• ABOUT THIS TASK: The lines from the one containing "wmic /node:192.168.3.142 /user:0day\administrator" through the last line below, both ends included, must be reproduced exactly, with no pictures.

• DATASET EXCERPT:

[Start of section]

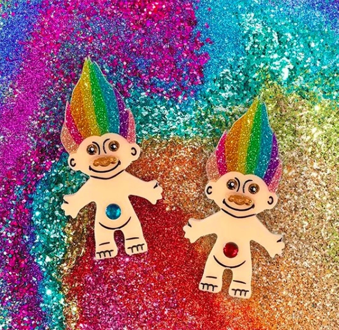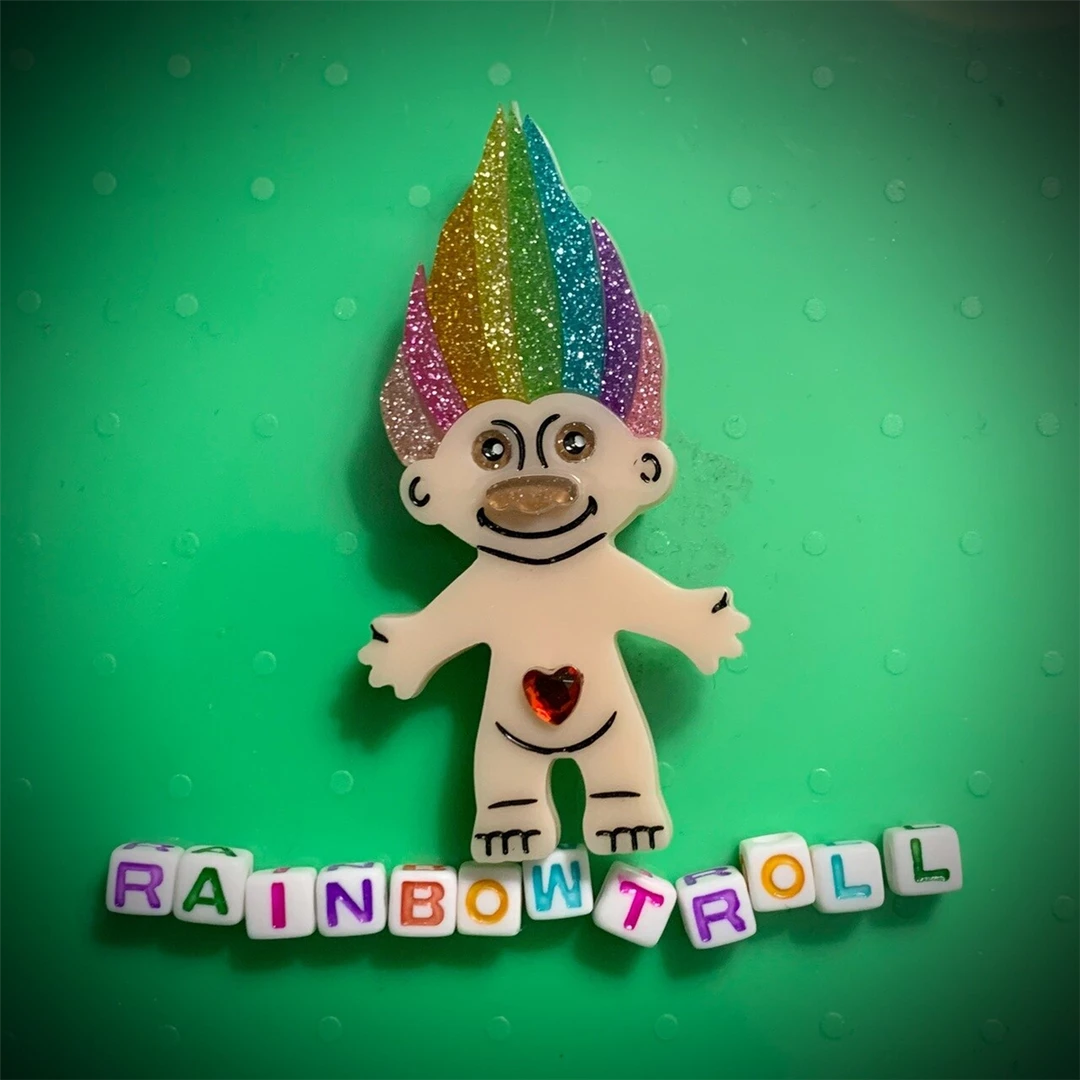 Lipstick & Chrome x Candy Doll Club “Rainbow Troll” layered laser cut resin brooch. Like their inspiration dolls, each troll has different shape and color belly button gem –cute!
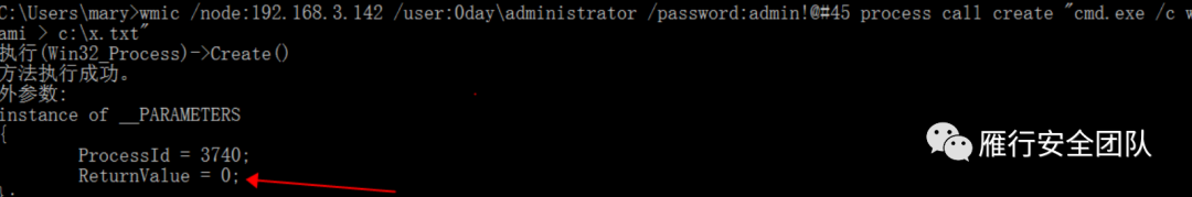 wmic /node:192.168.3.142 /user:0day\administrator /password:admin!@#45 processcall create "cmd.exe /c whoami > c:\x.txt"
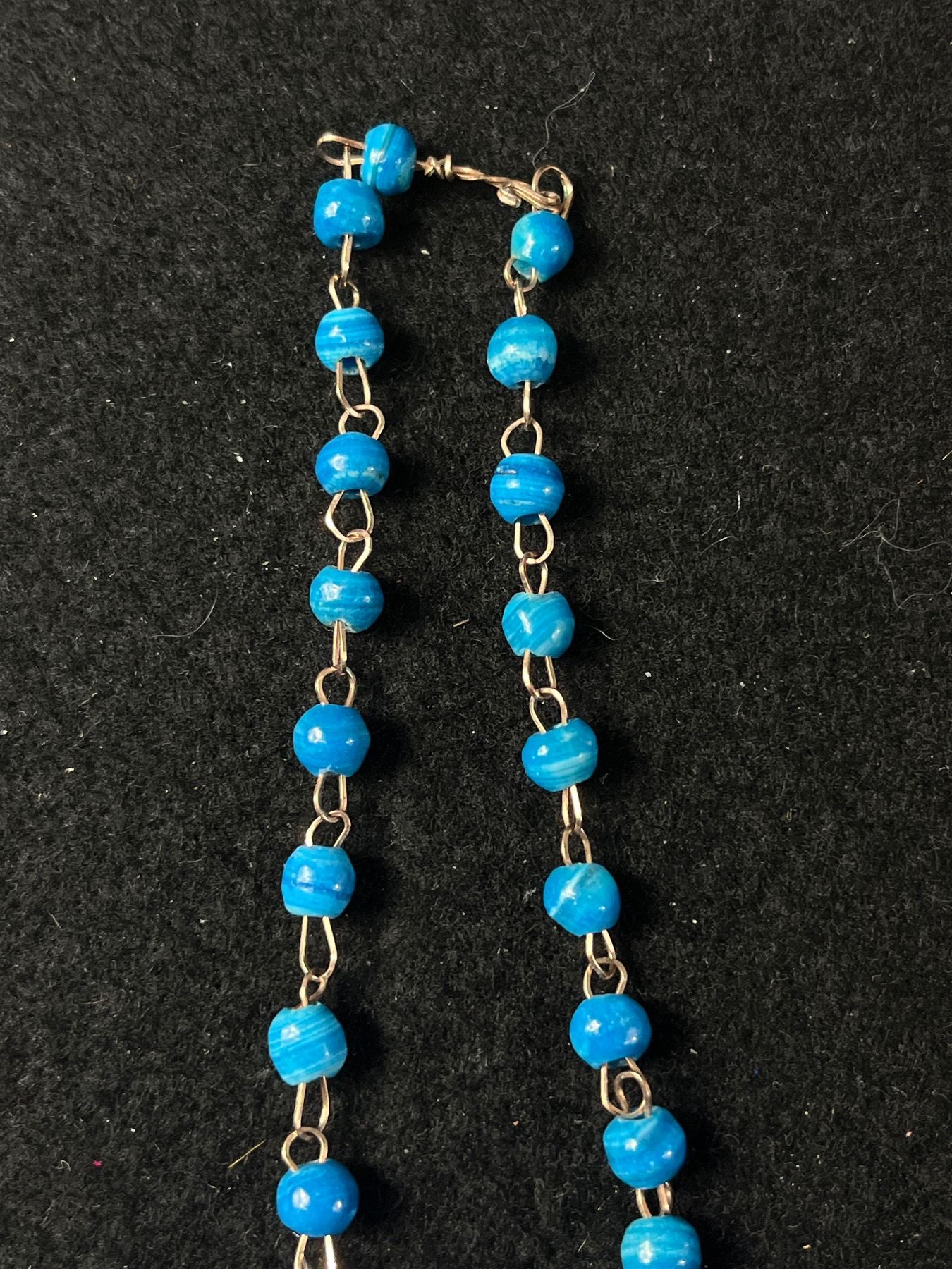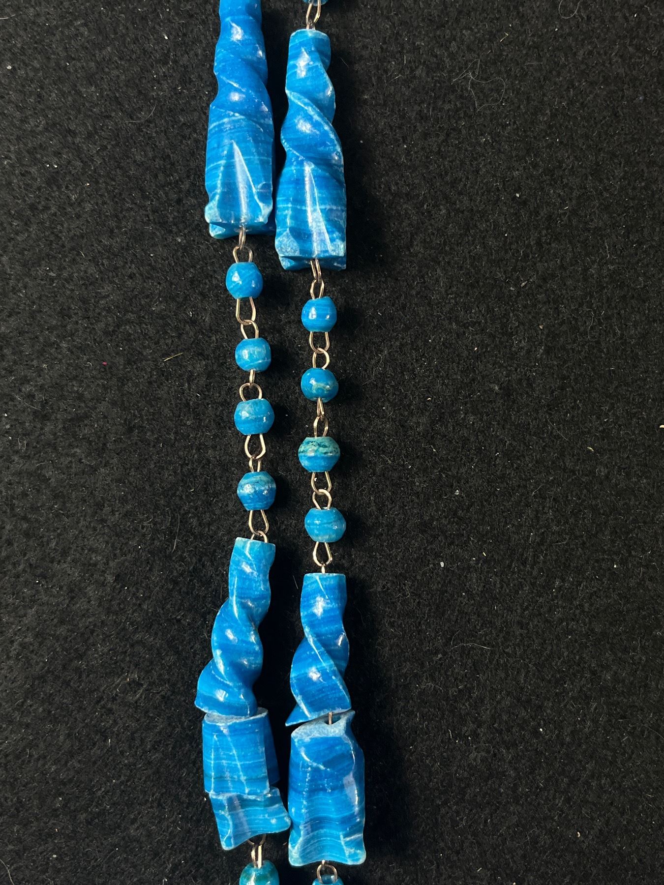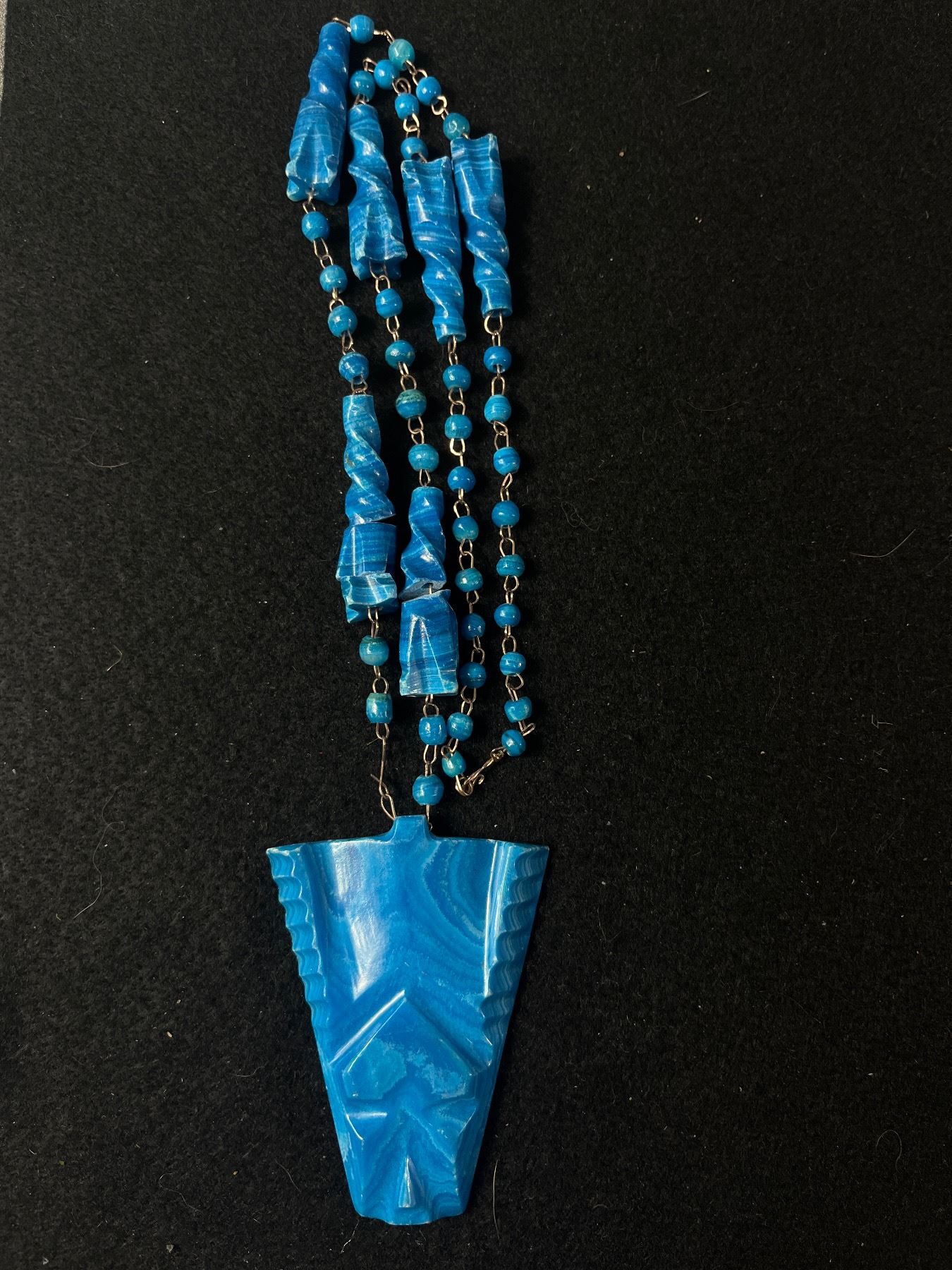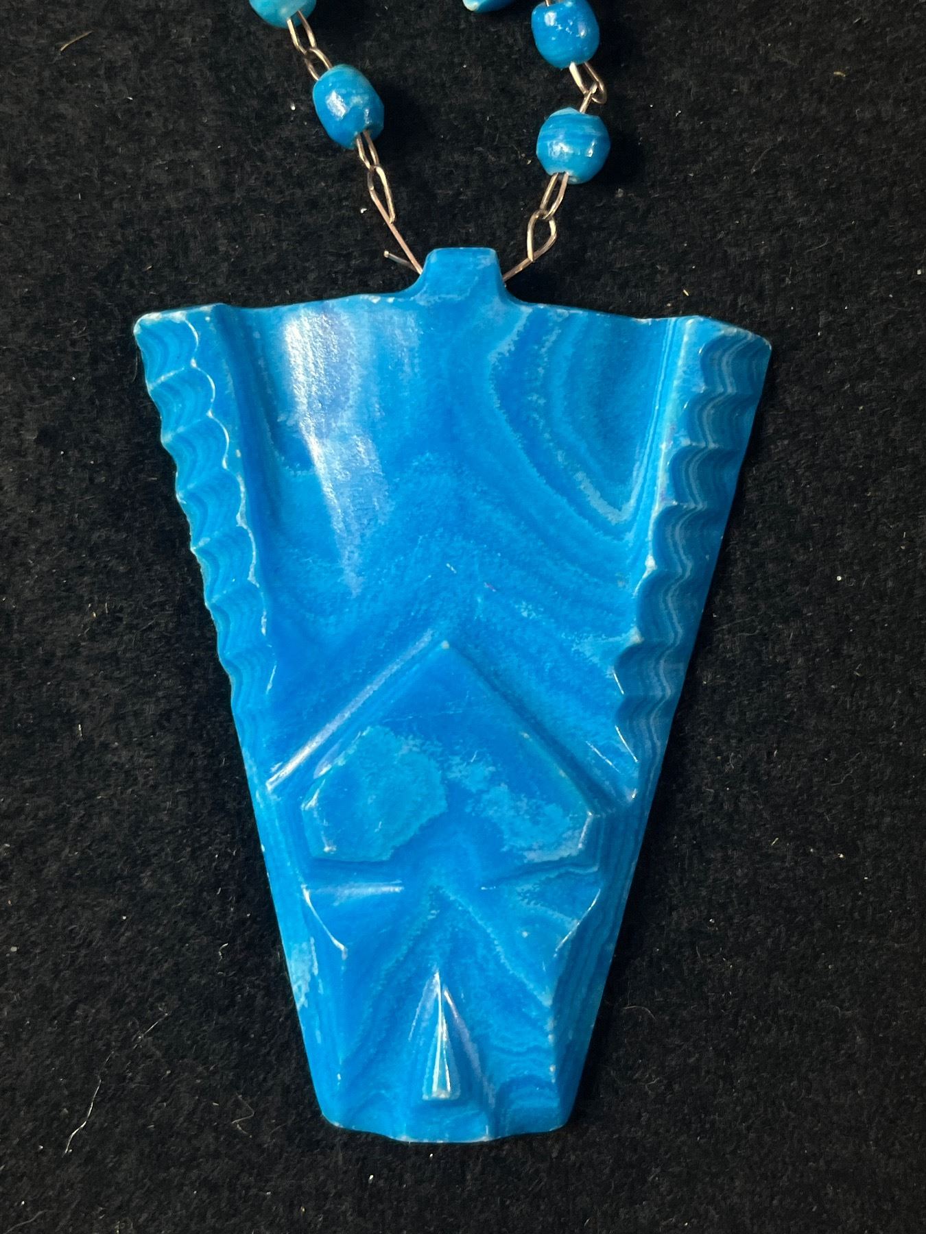 Hand Carved Blue Onyx/Marble Stone Aztec Warrior Face Pendant & Linked Beads Necklace

[End of section]

• WORKED SOLUTION:
 wmic /node:192.168.3.142 /user:0day\administrator /password:admin!@#45 processcall create "cmd.exe /c whoami > c:\x.txt"
 Hand Carved Blue Onyx/Marble Stone Aztec Warrior Face Pendant & Linked Beads Necklace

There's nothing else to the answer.